In this post, we'll see how dimensional analysis arises naturally from the *principle of scale invariance*. By understanding dimensioned quantities as objects that transform in simple ways under group actions, vague principles turn into simple mathematical statements. Our simple idea also will also have some less familiar consequences; we'll see how Fourier coefficients can be assigned dimensions with complex powers, and reminisce on how a more elaborate sort of "dimensional analysis" arises in differential geometry.

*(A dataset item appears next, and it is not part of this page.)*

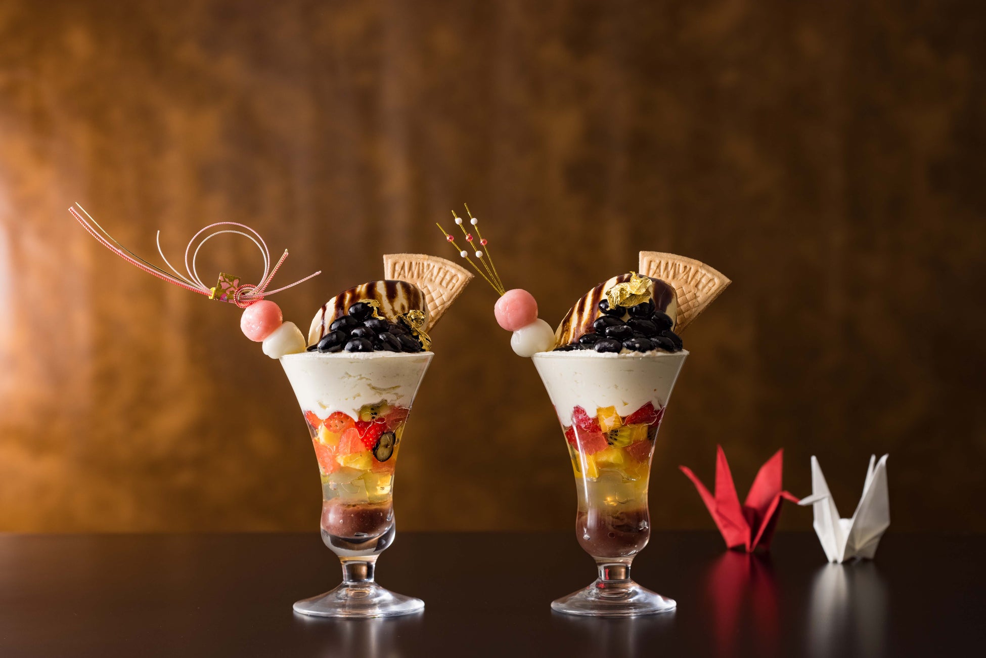 トップに紅白の白玉と新春を祝う水引を飾りつけた、新年の寿ぎにふさわしい華やかなパフェ。あんみつをイメージし、グラスには小倉あんや寒天、フルーツ、甘さ控えめの生クリームをたっぷり重ね、デコレーションに黒豆や黒蜜をあしらいました。和と洋が織りなすバランスの妙をお楽しみください。

As we noted a moment ago, the numbers we assign to physical quantities are a function of our reference quantities, or "measuring sticks." So, let us consider a group $G = (\R^+)^n$ whose action transforms numerical measurements under a change of our measuring sticks. In our triangle example, $G$ would simply be the group $\R^+$ of positive numbers with multiplication, an element $\lambda \in G$ would correspond to scaling our measuring stick by the proportion $\lambda$, and its action would send our vector $(a, b, c)$ of side length measurements to $(\lambda^{-1} a, \lambda^{-1} b, \lambda^{-1} c).$

Now we make an observation: when expressed in terms of measurements, physical relationships are *invariant* under the action of $G$. Informally, this is true so long as our measuring sticks can be altered independently from the phenomenon we're observing. This is the case in our geometry example because the notion of a right triangle is independent from any notion of length. However, it wouldn't hold if we used different measuring sticks to measure different lengths, because in that case scaling one but not the other would affect their ratio—something that geometry "cares about." We will call the assumption of invariance under a scaling group $G$ the principle of *scale invariance*.

We can easily extend the action $\sigma$ of $G$ to act on the algebra of functions of measurements. Now, given a function $f,$ there may exist a map $\lambda \colon G \to \R$ so that, for all $g \in G,$
$\sigma_g(f) = \lambda_g f.$
Such a map $\lambda,$ which is necessarily unique and a Lie group homomorphism if $f$ is non-zero and continuous, is called the *dimension* of $f$ and denoted $[f].$ Conversely, we define a dimension to be any Lie group homomorphism from $G$ to $\R.$ When $f$ admits a dimension we will call it a *dimensioned quantity*.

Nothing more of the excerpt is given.